═════ EXERCISE INPUTS ═════

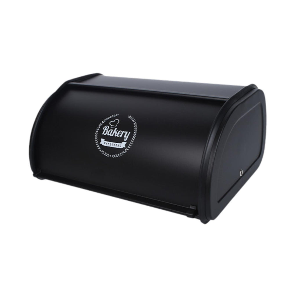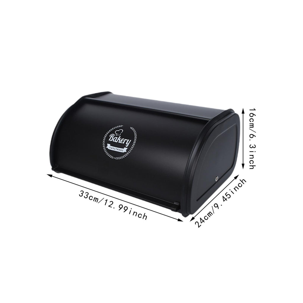 Maxbell Metal Bread Box Kitchen Counter Roll Top Bread Bin for Home Entrance Cookies Black
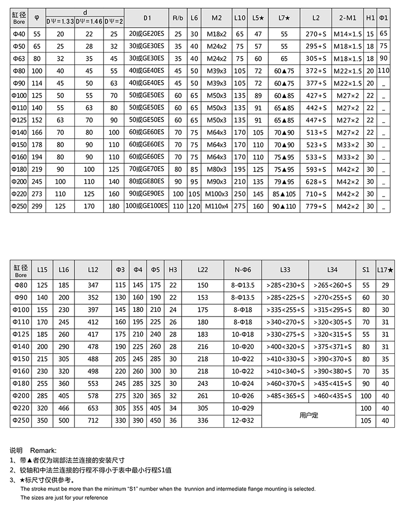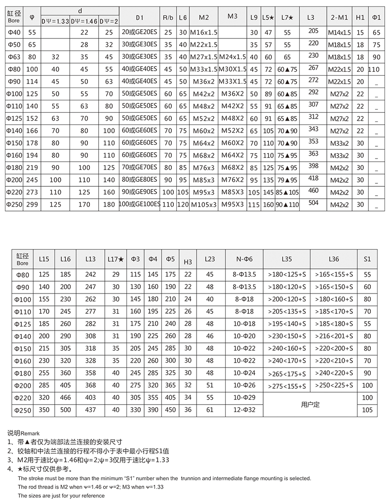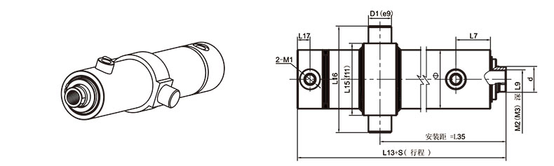 活塞桿端為內(nèi)螺紋桿頭耳環(huán)連接
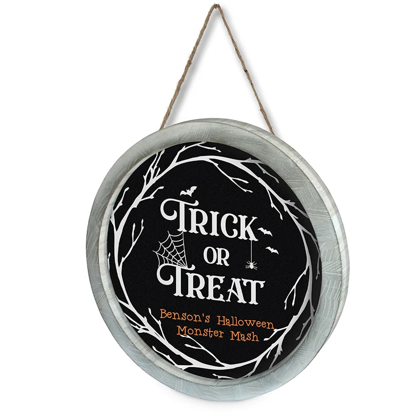 The Personalized Wall Sign Trick or Treat is the perfect addition to your Halloween decor, offering a charming and personalized touch to your home. This round sign, complete with a jute rope hanger, can be customized with any name or message up to 32 characters in all uppercase letters, making it uniquely yours. Sorry, mail/fax orders not accepted on personalized items; please order via web or phone agent. This item cannot be shipped to P.O. boxes and APO/FPO addresses.
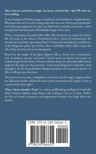 They want to control my magic, my heart, and my fate-but I'll write my own ending. In the kingdom of Eldaria, magic is outlawed, and freedom is a fragile illusion. Ella knows this all too well. Living under the iron rule of her cruel stepmother and scheming stepsisters, her days are filled with servitude and secrets-chief among them the faint pulse of forbidden magic in her veins. When a mysterious fae godmother offers Ella the power to escape her dreary life, she leaps at the chance. Transformed into a vision of enchantment, she attends the royal ball, captivating Prince Cassian and catching the watchful eye of the dangerous palace spy, Dorian. But as midnight strikes, Ella's escape sets off a chain of events she never anticipated. Bound by the magic of her glass slippers, Ella is thrust into a treacherous web of politics, passion, and peril. Cassian wants to harness her power to reclaim magic for the throne. Dorian, with his sharp wit and undeniable charm, might be the only one she can trust-or her most dangerous temptation. And through it all, the fae godmother whispers promises of even greater power-if Ella is willing to pay the price. Torn between two men, a kingdom in turmoil, and the magic surging within her, Ella must decide: will she become a pawn in someone else's game, or rise as a queen in her own right? "Once Upon Another Time" is a sultry, spellbinding retelling of Cinderella where romance ignites, magic burns, and nothing is ever as it seems. Perfect for fans of steamy romantasy and empowered heroines who forge their own destiny.
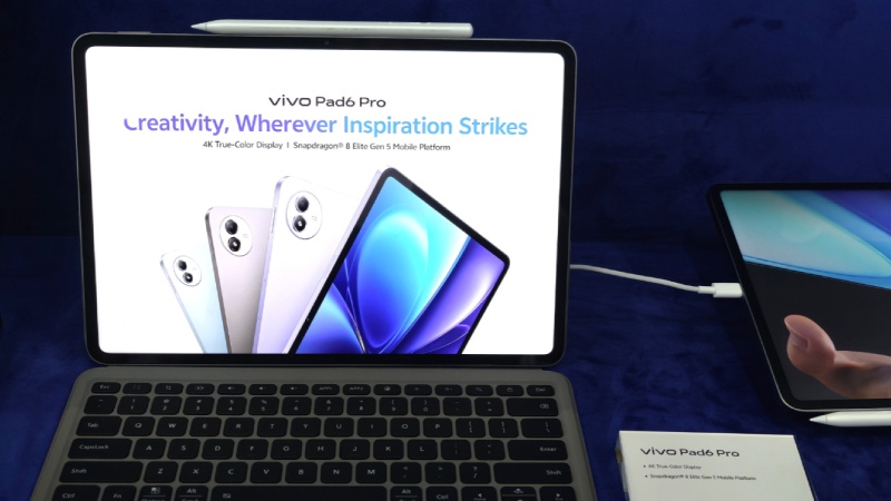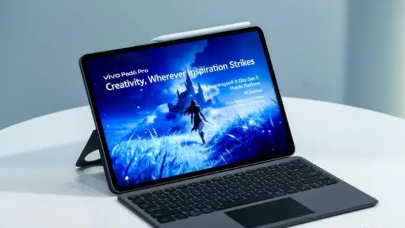 Một tấm thẻ thông số kỹ thuật đặt cạnh máy tính bảng xác nhận các chi tiết phần cứng quan trọng của thiết bị. Nó đề cập đến nền tảng di động Snapdragon 8 Elite Gen 5, báo hiệu sự chuyển hướng sang chipset hàng đầu mới nhất của Qualcomm để mang lại hiệu năng cao cấp. Toàn bộ thiết lập, bao gồm bàn phím từ tính và hỗ trợ bút cảm ứng, cho thấy Vivo đang nhắm đến người dùng tìm kiếm trải nghiệm giống như máy tính xách tay trong một thiết bị máy tính bảng.
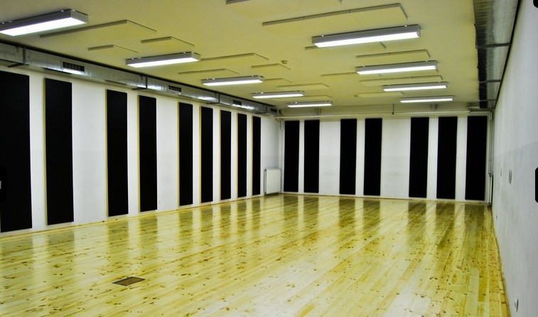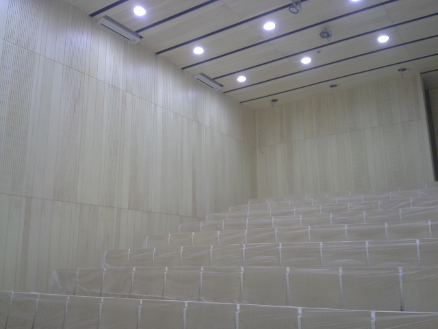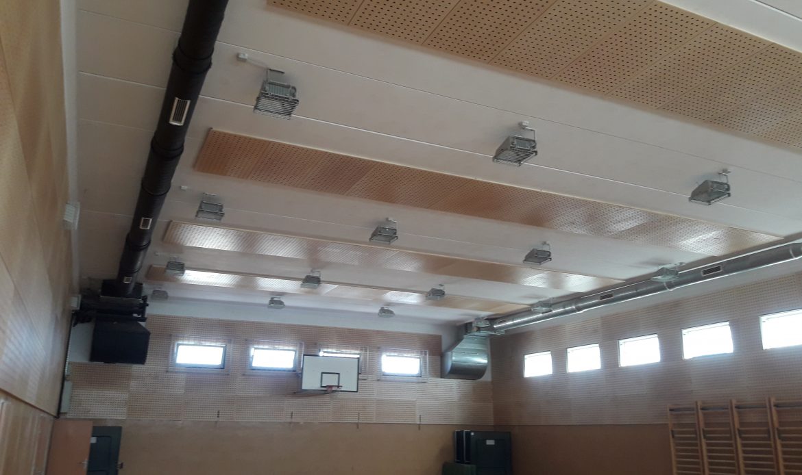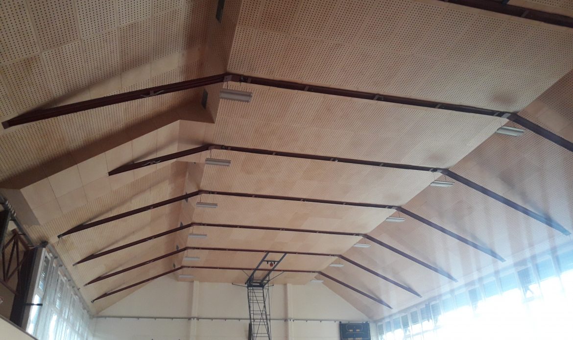 V dvorani smo uredili akustično ureditev s stropno akustiko. Uporabili smo vezano ploščo, barvano s težko gorljivim lakom.

═════

YOUR ASSIGNMENT: Though the entries above contain pictures, none should be copied; reproduce only the lines between the one holding "活塞桿端為內(nèi)螺紋桿頭耳環(huán)連接" and the one holding "The Personalized Wall", inclusive, exactly as written.

TASK OUTPUT:
 活塞桿端為內(nèi)螺紋桿頭耳環(huán)連接
 The Personalized Wall Sign Trick or Treat is the perfect addition to your Halloween decor, offering a charming and personalized touch to your home. This round sign, complete with a jute rope hanger, can be customized with any name or message up to 32 characters in all uppercase letters, making it uniquely yours. Sorry, mail/fax orders not accepted on personalized items; please order via web or phone agent. This item cannot be shipped to P.O. boxes and APO/FPO addresses.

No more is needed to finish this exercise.